I messed up, then messed up again: is there any way to salvage my friendship?
I had a crazy relationship with someone last year. We dated, we broke up, we tried being friends-with-benefits… throughout all the craziness, we were still very good friends to each other.
Late last year, she was having something of a nervous breakdown. She was relying on me for support but I couldn’t handle the pressure of my own problems and hers, so I ended the friendship.
It took me a couple of months to realize how much I missed her and what a great friendship we once shared. I really, really care about this girl. I think I loved her. But knowing I had screwed up, I didn’t know how to reach out to her (it didn’t help that she changed her number). I placed a birthday card under her windshield wiper this past spring but didn’t sign it. I guess I expected she would figure out it was me and call. She never did.
After cleaning my room 6 weeks ago, I found something of hers. At the time she had let me borrow it, she insisted she wanted it back. I thought it could be an opening. I tried chatting/texting her, but she immediately blocked me. She didn’t respond to email either.
I kind of freaked because email was my last resort. So I emailed her again. And again. Each time different, spaced a few days apart. Apologizing. Remembering old times. Trying to mend the wounds I had caused. This lasted for about a month and a dozen emails. She never responded to a single one.
Last week, I saw her on the street. I tried to return her item to her but she didn’t want it. She asked me to leave. 30 minutes later, she called me. She resented all the emails. She pointed out that they were all selfish, all about me seeking forgiveness so I could feel better and wanting her as a friend, but not caring about her well-being and how these past few months have been for her.
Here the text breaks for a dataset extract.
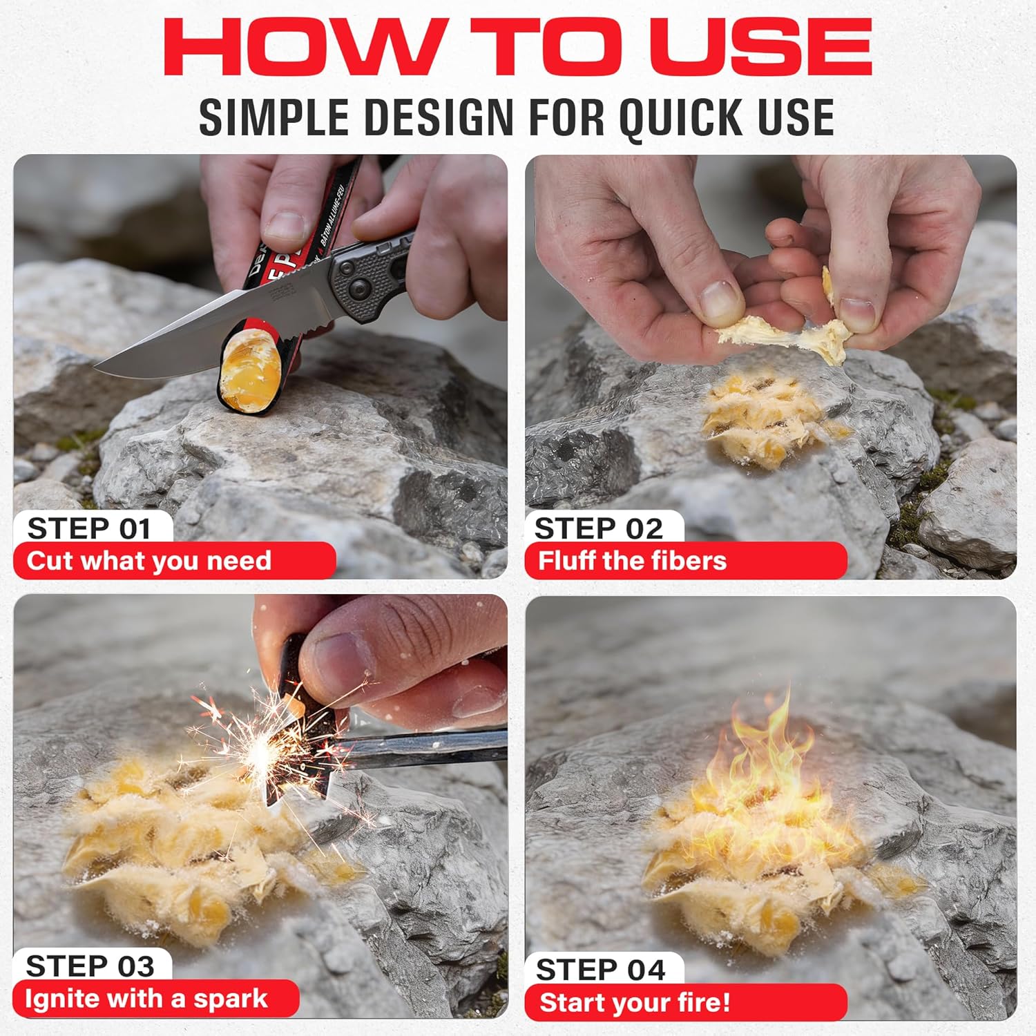 EASY TO START – With its super-fast ignition, the Fire Plug XL can be lit with only a little spark. Use your ferro rod, fire steel, flint, or flame, and you can even rely on a trusty Bic lighter that has run out of fluid! Cut the desired amount, fluff the cotton to see the microfiber, add sparks, and build your fire!

She couldn’t understand why I was suddenly back in her life 10 months later. I was panicked and couldn’t respond to her. She did let me know that it was too bad that I still cared about her because the feeling was not mutual. She did not want me in her life. She asked for the emails to stop and hung up.
One thing I managed to get in was that I was an imperfect human and made a mistake. That given the chance, I could prove myself as a friend to her. But she claimed she was never given that chance by anyone and would not give it to me. Life wouldn’t be fair if she did (her words).
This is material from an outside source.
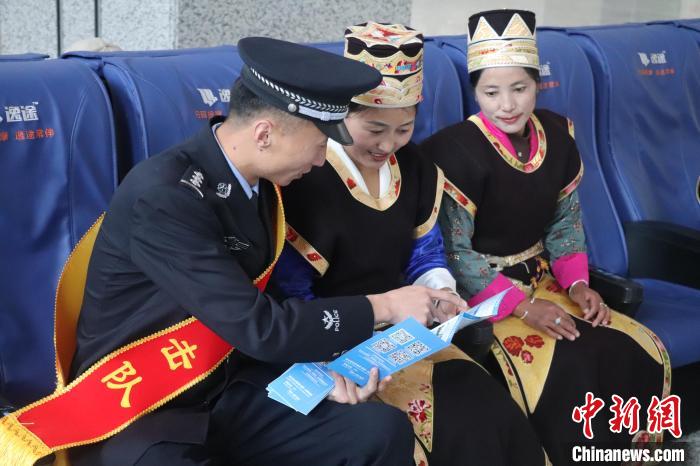 圖為拉薩站派出所民警向候車的旅客講解毒品的種類與危害。胡傳鑫 攝

So I’ve screwed up several ways of reaching out to this girl. I feel like if she knew the whole story, she might soften a little bit. She never knew that I was on antidepressants, and coming off of them at the time of her nervous breakdown. I was a little out of my head and I made a terrible mistake with her. Losing her has been pure torture. I was so ashamed of my action that I couldn’t bring myself to contact her earlier.
As a man of my word, I can’t email her anymore. I have no other way of contacting her. I know the building she lives in, but can’t remember the apartment number so I don’t know if a mailed letter will get to her. I wonder if it’s a mistake to write her a letter at all?
I screwed up badly, but there were some circumstances she didn’t know about. During our friendship, we both felt the connection we shared was one we had not experienced before. Surely there is some way to salvage this?
Or am I just so deep in this that I don’t see the big picture?